## Assignment
Repeat the data below exactly, dropping any pictures it holds.

## Information provided
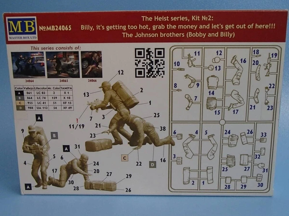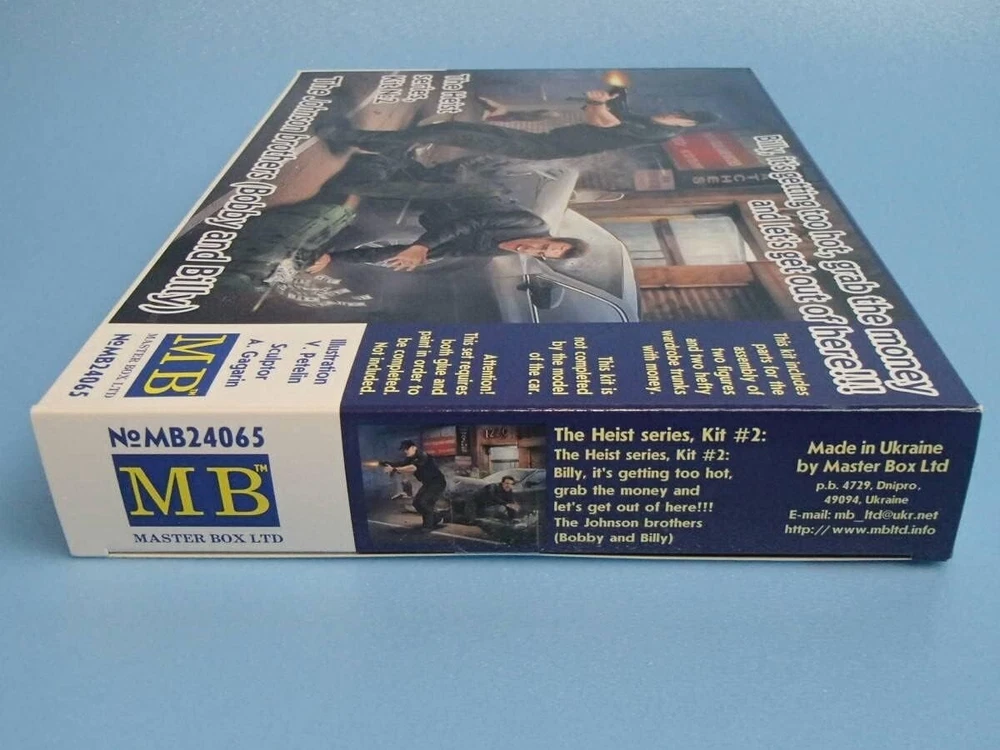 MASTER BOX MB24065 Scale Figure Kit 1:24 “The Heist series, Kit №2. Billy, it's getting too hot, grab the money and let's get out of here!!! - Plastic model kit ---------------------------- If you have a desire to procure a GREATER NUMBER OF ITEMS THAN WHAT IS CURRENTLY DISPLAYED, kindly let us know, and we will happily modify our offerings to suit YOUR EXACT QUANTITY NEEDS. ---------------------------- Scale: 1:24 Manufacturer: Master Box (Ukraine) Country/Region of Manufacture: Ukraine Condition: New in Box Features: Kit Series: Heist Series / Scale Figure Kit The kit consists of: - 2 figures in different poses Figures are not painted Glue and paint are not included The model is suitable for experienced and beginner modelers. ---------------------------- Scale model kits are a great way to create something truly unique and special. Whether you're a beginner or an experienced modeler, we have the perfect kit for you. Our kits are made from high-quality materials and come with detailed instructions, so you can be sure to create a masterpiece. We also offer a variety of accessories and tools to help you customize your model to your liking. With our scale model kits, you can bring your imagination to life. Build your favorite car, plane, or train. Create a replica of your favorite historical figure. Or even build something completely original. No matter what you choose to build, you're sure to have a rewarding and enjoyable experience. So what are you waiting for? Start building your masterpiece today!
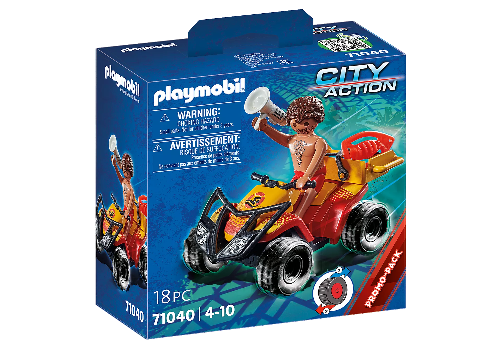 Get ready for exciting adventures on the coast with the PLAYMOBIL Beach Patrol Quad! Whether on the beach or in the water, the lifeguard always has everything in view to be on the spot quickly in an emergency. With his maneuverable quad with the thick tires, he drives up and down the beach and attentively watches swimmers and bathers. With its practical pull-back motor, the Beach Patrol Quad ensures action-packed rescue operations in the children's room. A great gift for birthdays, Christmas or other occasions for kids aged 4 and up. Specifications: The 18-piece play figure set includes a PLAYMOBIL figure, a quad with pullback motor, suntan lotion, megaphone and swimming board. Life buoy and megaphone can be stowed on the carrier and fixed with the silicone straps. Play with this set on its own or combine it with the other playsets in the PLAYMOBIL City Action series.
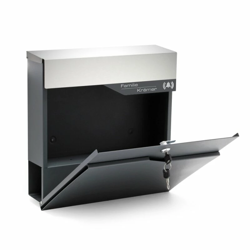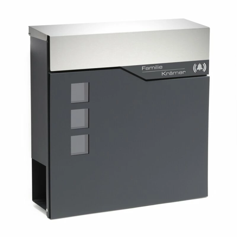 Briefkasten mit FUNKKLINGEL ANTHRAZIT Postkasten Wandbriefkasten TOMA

## Result
 MASTER BOX MB24065 Scale Figure Kit 1:24 “The Heist series, Kit №2. Billy, it's getting too hot, grab the money and let's get out of here!!! - Plastic model kit ---------------------------- If you have a desire to procure a GREATER NUMBER OF ITEMS THAN WHAT IS CURRENTLY DISPLAYED, kindly let us know, and we will happily modify our offerings to suit YOUR EXACT QUANTITY NEEDS. ---------------------------- Scale: 1:24 Manufacturer: Master Box (Ukraine) Country/Region of Manufacture: Ukraine Condition: New in Box Features: Kit Series: Heist Series / Scale Figure Kit The kit consists of: - 2 figures in different poses Figures are not painted Glue and paint are not included The model is suitable for experienced and beginner modelers. ---------------------------- Scale model kits are a great way to create something truly unique and special. Whether you're a beginner or an experienced modeler, we have the perfect kit for you. Our kits are made from high-quality materials and come with detailed instructions, so you can be sure to create a masterpiece. We also offer a variety of accessories and tools to help you customize your model to your liking. With our scale model kits, you can bring your imagination to life. Build your favorite car, plane, or train. Create a replica of your favorite historical figure. Or even build something completely original. No matter what you choose to build, you're sure to have a rewarding and enjoyable experience. So what are you waiting for? Start building your masterpiece today!
 Get ready for exciting adventures on the coast with the PLAYMOBIL Beach Patrol Quad! Whether on the beach or in the water, the lifeguard always has everything in view to be on the spot quickly in an emergency. With his maneuverable quad with the thick tires, he drives up and down the beach and attentively watches swimmers and bathers. With its practical pull-back motor, the Beach Patrol Quad ensures action-packed rescue operations in the children's room. A great gift for birthdays, Christmas or other occasions for kids aged 4 and up. Specifications: The 18-piece play figure set includes a PLAYMOBIL figure, a quad with pullback motor, suntan lotion, megaphone and swimming board. Life buoy and megaphone can be stowed on the carrier and fixed with the silicone straps. Play with this set on its own or combine it with the other playsets in the PLAYMOBIL City Action series.
 Briefkasten mit FUNKKLINGEL ANTHRAZIT Postkasten Wandbriefkasten TOMA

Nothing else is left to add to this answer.